What is needed:
The line with "Schildering op hout. 10 x 25 x 3 cm." marks the start; please set it down along with all later lines through the end of the material, exactly, leaving out pictures.

Supplied data:
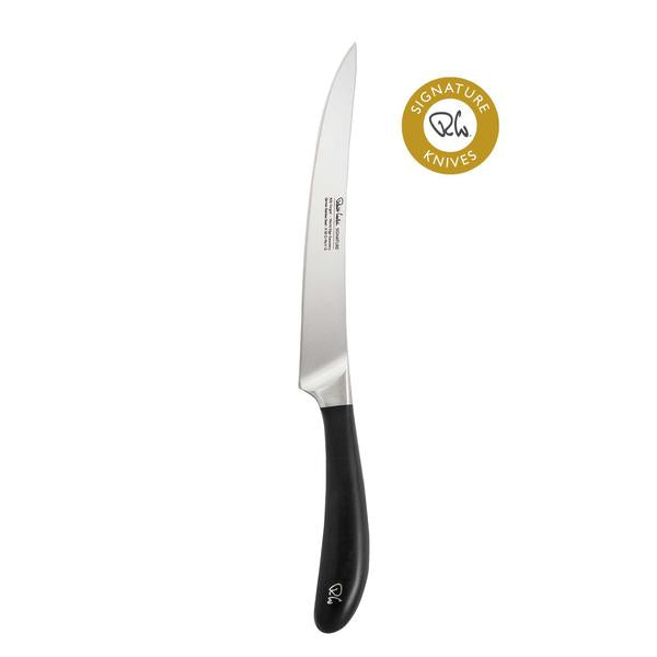 The Signature Carving Knife features a long curved blade, which enables the user to cut fine delicate slices of meat, poultry and fish in a single stroke. Fully forged from German DIN 1.4116 stainless steel, with a full tang for extra strength
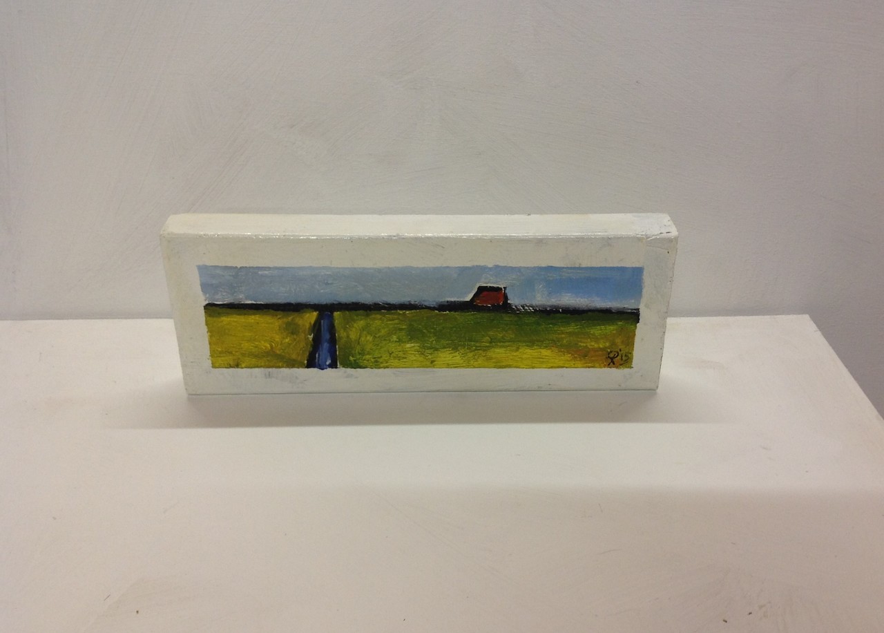 Schildering op hout. 10 x 25 x 3 cm.
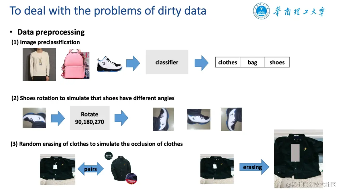 ‐ 训练数据:1.2 万个真实的京东时尚单品图片对 ,即{电商展示图+用户实拍图}
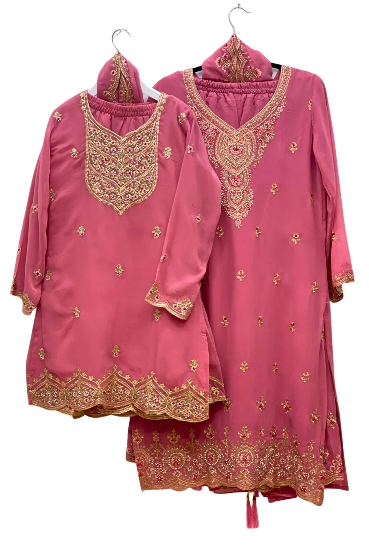 Elegant Rose Pink Mother & Daughter Kurta Set

Answer box:
 Schildering op hout. 10 x 25 x 3 cm.
 ‐ 训练数据:1.2 万个真实的京东时尚单品图片对 ,即{电商展示图+用户实拍图}
 Elegant Rose Pink Mother & Daughter Kurta Set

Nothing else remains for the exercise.